Data block:

= = = =

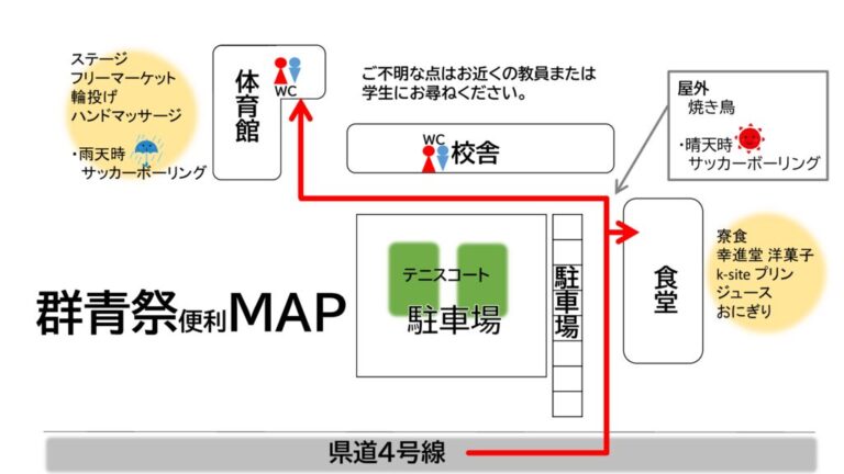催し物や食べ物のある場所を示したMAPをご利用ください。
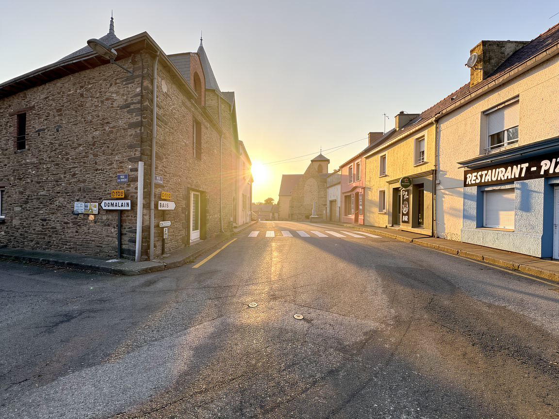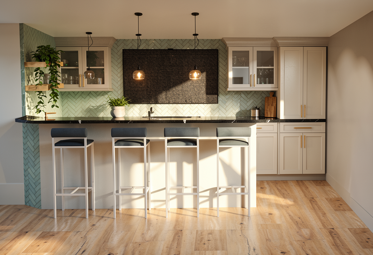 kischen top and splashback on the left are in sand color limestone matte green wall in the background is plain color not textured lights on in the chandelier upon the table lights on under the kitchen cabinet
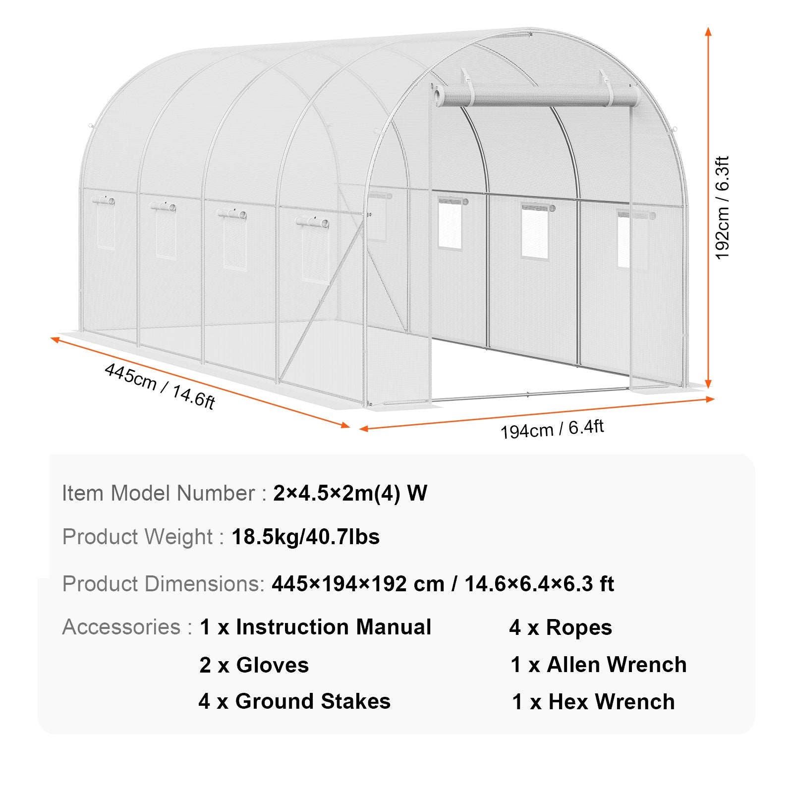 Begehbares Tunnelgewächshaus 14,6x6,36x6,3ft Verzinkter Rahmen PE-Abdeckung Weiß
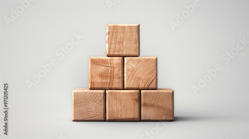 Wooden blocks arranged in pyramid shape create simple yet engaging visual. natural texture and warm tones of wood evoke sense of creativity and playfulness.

= = = =

Task to carry out: All of the listing is to be written out exactly, with the pictures left out.

Exercise solution:
催し物や食べ物のある場所を示したMAPをご利用ください。
 kischen top and splashback on the left are in sand color limestone matte green wall in the background is plain color not textured lights on in the chandelier upon the table lights on under the kitchen cabinet
 Begehbares Tunnelgewächshaus 14,6x6,36x6,3ft Verzinkter Rahmen PE-Abdeckung Weiß
 Wooden blocks arranged in pyramid shape create simple yet engaging visual. natural texture and warm tones of wood evoke sense of creativity and playfulness.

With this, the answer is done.